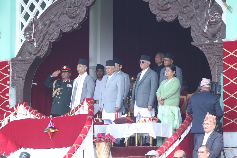 काठमाडौँ । राष्ट्रपति रामचन्द्र पौडेल राष्ट्रिय प्रजातन्त्र दिवस, २०८१ का अवसरमा मूलसमारोह समितिले आज नेपाली सैनिक मञ्च टुँडिखेलमा आयोजना गरेको
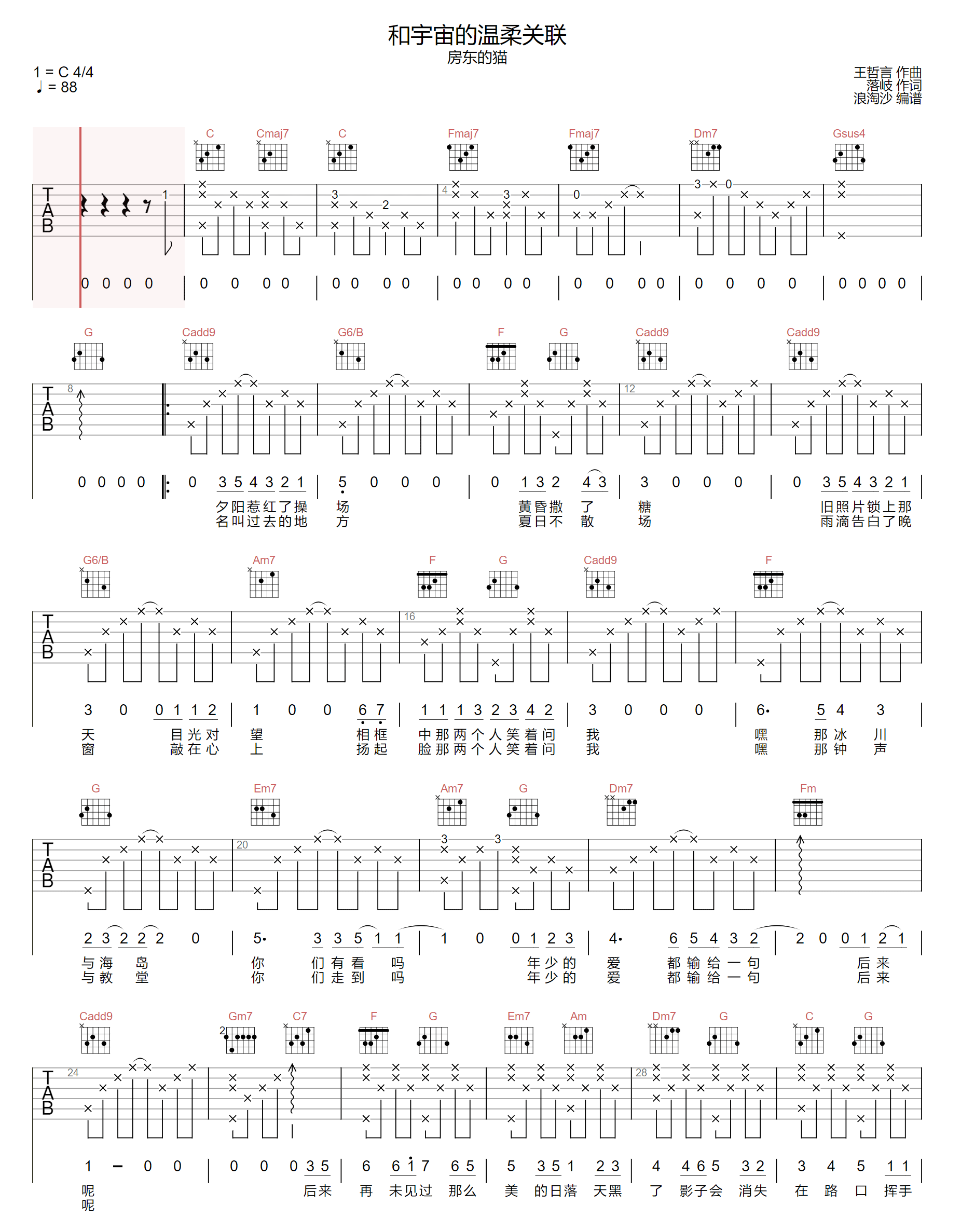 房东的猫《和宇宙的温柔关联吉他谱》(E调)
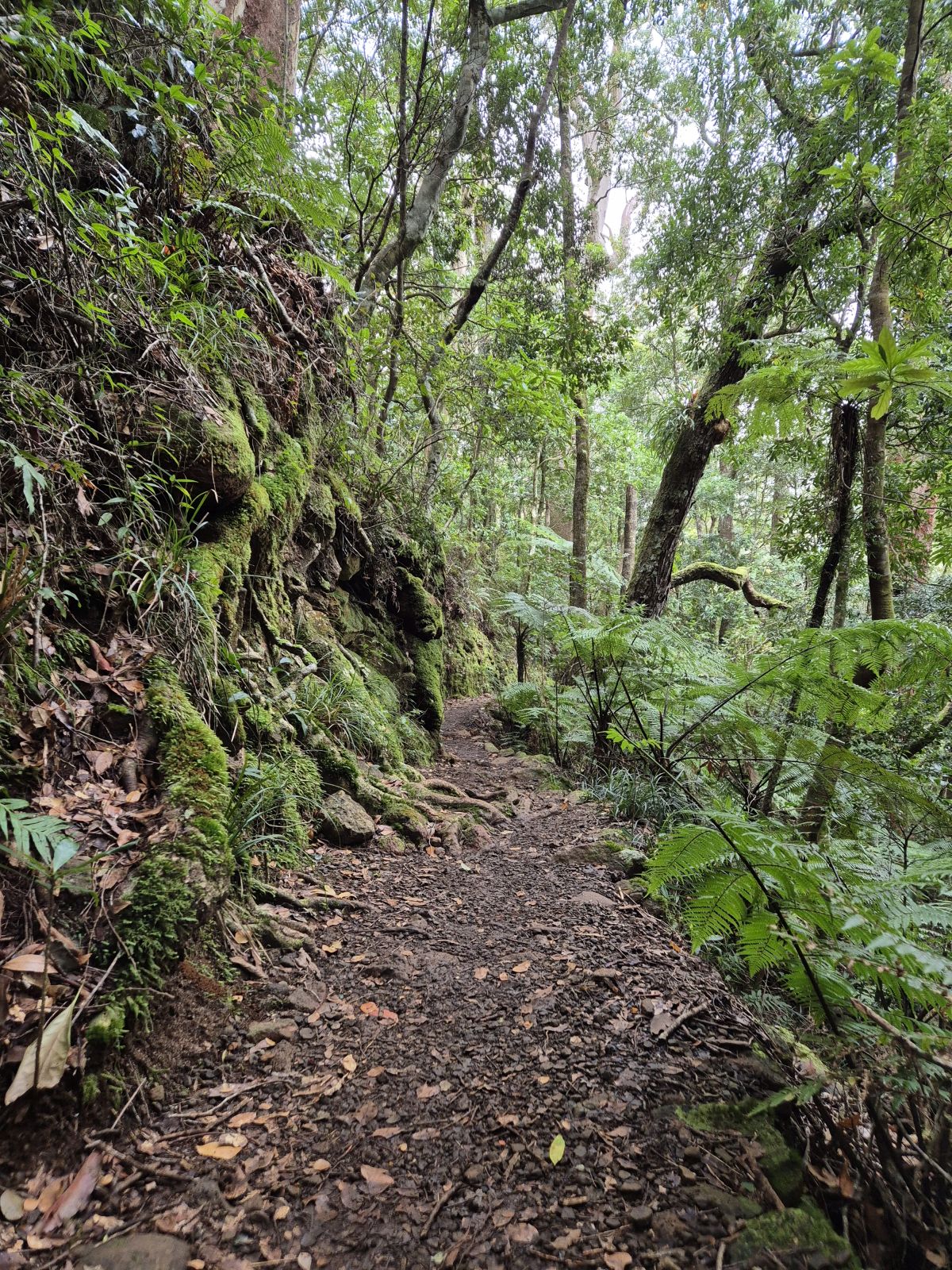 Nachdem wir heute ausgeschlafen hatten, machten wir uns gegen halb zehn auf den Weg zu einem Rundwanderweg durch den Nationalpark. Verschiedene Routen wurden vom Gastgeber vorgeschlagen, für uns machbar erschien ein 10 Kilometer Rundkurs, der direkt bei der Unterkunft startete und auch endete. Leider verfehlten wir den empfohlenen Beginn und begannen unsere Wanderung daher am Ende. So kamen uns im Laufe der nächsten Stunden einige Personen entgegen, die den Weg in der empfohlenen Richtung abliefen. Wir waren in der Hoffnung gestartet, das uns auch das ein oder Tier aus der heimischen Tierwelt begegnen würde, meiner Mitfahrerin hatte da im Speziellen Koalas im Sinn. Was dieses Ziel betraf, kehrten wir leider unverrichteter Dinge zurück. Dafür sahen wir Pflanzen und Bäume, die es so bei uns nicht gab und schon vom Wuchs und der Größe spektakulär aussahen. Wir kamen an mehreren Wasserfällen vorbei, bei denen der Wanderweg dann des öfteren auch den jeweiligen Bachlauf durchquerte. Gut, das die Schuhe wasserdicht waren und auch rutschfest, die Sprünge von Felsen zu Felsen im Bachbett wären mit Sneakern etwas schwieriger ausgefallen. Der Weg war ansonsten von wechselnder Qualität, mal trocken und leicht zu begehen und dann wieder verschlammt und herausfordernd bei jedem Schritt. Keine Überraschung bei den Regenfällen der letzten Zeit in dieser Region. Vier Stunden später hatten wir den Rundkurs hinter uns und legten eine kleine Pause im Zimmer ein.
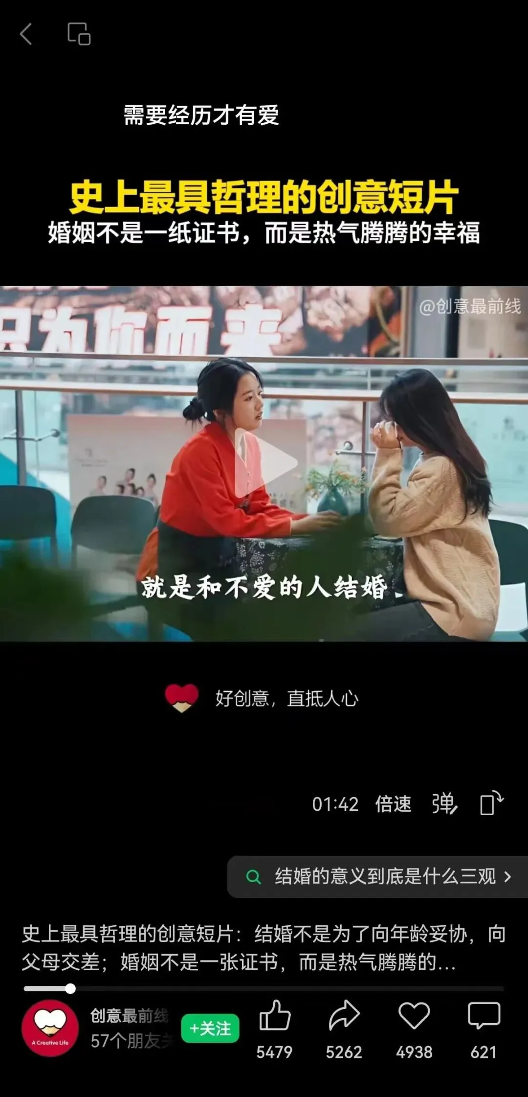 需要警惕此类内容通过"创意短片"形式,以文艺包装传播非主流价值观的做法。其本质是通过选择性呈现现实片段,达成对传统婚姻制度的软性解构,可能对青年群体婚恋观形成误导。

* The task
Return each of the lines exactly as they appear above, with no images.

* Answer section
 काठमाडौँ । राष्ट्रपति रामचन्द्र पौडेल राष्ट्रिय प्रजातन्त्र दिवस, २०८१ का अवसरमा मूलसमारोह समितिले आज नेपाली सैनिक मञ्च टुँडिखेलमा आयोजना गरेको
 房东的猫《和宇宙的温柔关联吉他谱》(E调)
 Nachdem wir heute ausgeschlafen hatten, machten wir uns gegen halb zehn auf den Weg zu einem Rundwanderweg durch den Nationalpark. Verschiedene Routen wurden vom Gastgeber vorgeschlagen, für uns machbar erschien ein 10 Kilometer Rundkurs, der direkt bei der Unterkunft startete und auch endete. Leider verfehlten wir den empfohlenen Beginn und begannen unsere Wanderung daher am Ende. So kamen uns im Laufe der nächsten Stunden einige Personen entgegen, die den Weg in der empfohlenen Richtung abliefen. Wir waren in der Hoffnung gestartet, das uns auch das ein oder Tier aus der heimischen Tierwelt begegnen würde, meiner Mitfahrerin hatte da im Speziellen Koalas im Sinn. Was dieses Ziel betraf, kehrten wir leider unverrichteter Dinge zurück. Dafür sahen wir Pflanzen und Bäume, die es so bei uns nicht gab und schon vom Wuchs und der Größe spektakulär aussahen. Wir kamen an mehreren Wasserfällen vorbei, bei denen der Wanderweg dann des öfteren auch den jeweiligen Bachlauf durchquerte. Gut, das die Schuhe wasserdicht waren und auch rutschfest, die Sprünge von Felsen zu Felsen im Bachbett wären mit Sneakern etwas schwieriger ausgefallen. Der Weg war ansonsten von wechselnder Qualität, mal trocken und leicht zu begehen und dann wieder verschlammt und herausfordernd bei jedem Schritt. Keine Überraschung bei den Regenfällen der letzten Zeit in dieser Region. Vier Stunden später hatten wir den Rundkurs hinter uns und legten eine kleine Pause im Zimmer ein.
 需要警惕此类内容通过"创意短片"形式,以文艺包装传播非主流价值观的做法。其本质是通过选择性呈现现实片段,达成对传统婚姻制度的软性解构,可能对青年群体婚恋观形成误导。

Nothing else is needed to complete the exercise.